Felix Goebel-Komala is music and liturgy director at St. Michael Church. Originally from Hong Kong, Mr. Goebel-Komala came to the United States in 1979 to attend college at the University of Iowa. He became an American citizen in 1992 and is passionate about the rights and freedoms that the United States affords its citizens. Mr. Goebel-Komala has been married to his wife Mary for 29 years and, together, they have an 11-year-old daughter Felicity.
Where are you from? What brought you to Findlay?
I was born and raised in Hong Kong. My parents are of Chinese descent, but were raised in Indonesia. They each found their way to Hong Kong after World War II where they met, got married, and decided to start a life there. In 1979 I moved to the United States to attend college. I started as a business major, as any good Hong Kong student would, but that lasted about three days. I eventually found my way to music. I was a liturgy and music director in Minnesota and California before moving to Findlay. I have been here 21 years and counting.
Biggest difference between Findlay and home:
The size, for sure! Findlay is a town of 40,000. Hong Kong has a population of 7.5 million. Recently I was in Hong Kong and they were advertising an apartment complex, with a
shopping center beneath. That apartment complex could house the entire population of Findlay in one building. Traffic is also a big difference. Here I call it the “rush minute” on Tiffin Avenue, it’s nothing compared the to the traffic in Hong Kong.

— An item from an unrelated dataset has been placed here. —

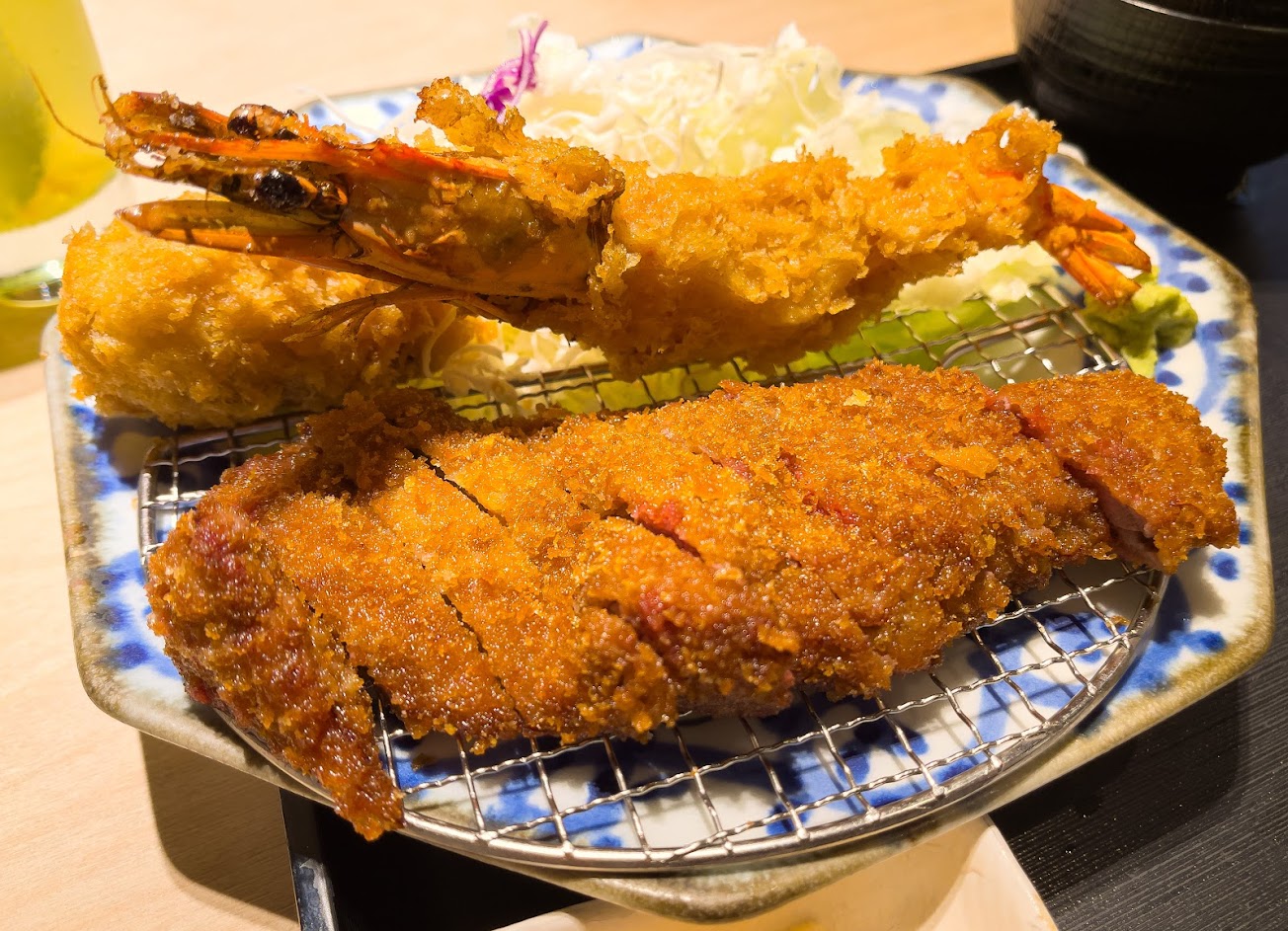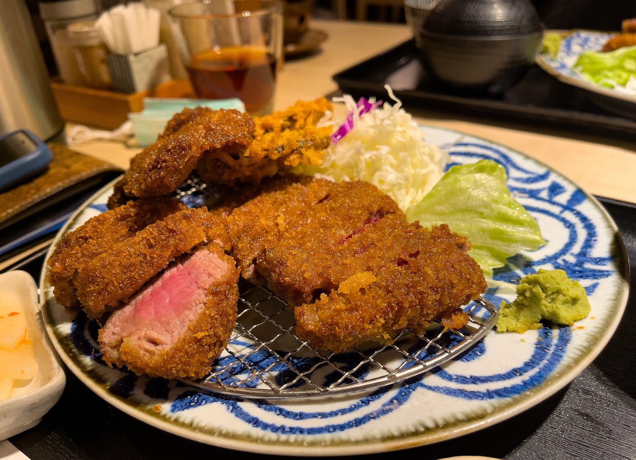 與朋友去吃看看炸牛排到底長什麼樣子 於是來到了這間店 我點的是海陸套餐 旁邊附了三種不同醬可以沾 炸皮跟肉黏的相當緊密 酥脆的外皮搭配上牛肉的軟嫩 真的很不錯 但最讓我驚艷的還是炸牡蠣 鮮味炸彈直接在我嘴裡噴發 炸蝦也不會像其他店皮很厚但蝦子很小 他們真材實料 蝦子真的大也很Q彈 而M7澳洲和牛厚切真的有夠大塊 很嫩但偏生可以請店員點烤盤烤熟一點 肉汁噴發真的很爽 醬汁不推薦沾咖喱 會讓肉的味道完全消失 就是不搭 不過拌飯倒是不錯 甜點很有日本味 整體來說還算不錯 不過真的有點偏貴

Favorite place/activity with the kids:
My daughter Felicity and I enjoy going out to eat and trying new cuisines. We also love to travel. This past summer Felicity and I travelled to Nashville for a reunion with the families of who we travelled with in 2005, when we to adopted Felicity from China.
Favorite Findlay spots:
For a date, my wife and I enjoy Bistro on Main. With my friends, I like to hang out at Beer Barrel or Ralphies. Believe it or not, my favorite place to shop is Meijer. It’s one stop shopping! We don’t have anything like that in China.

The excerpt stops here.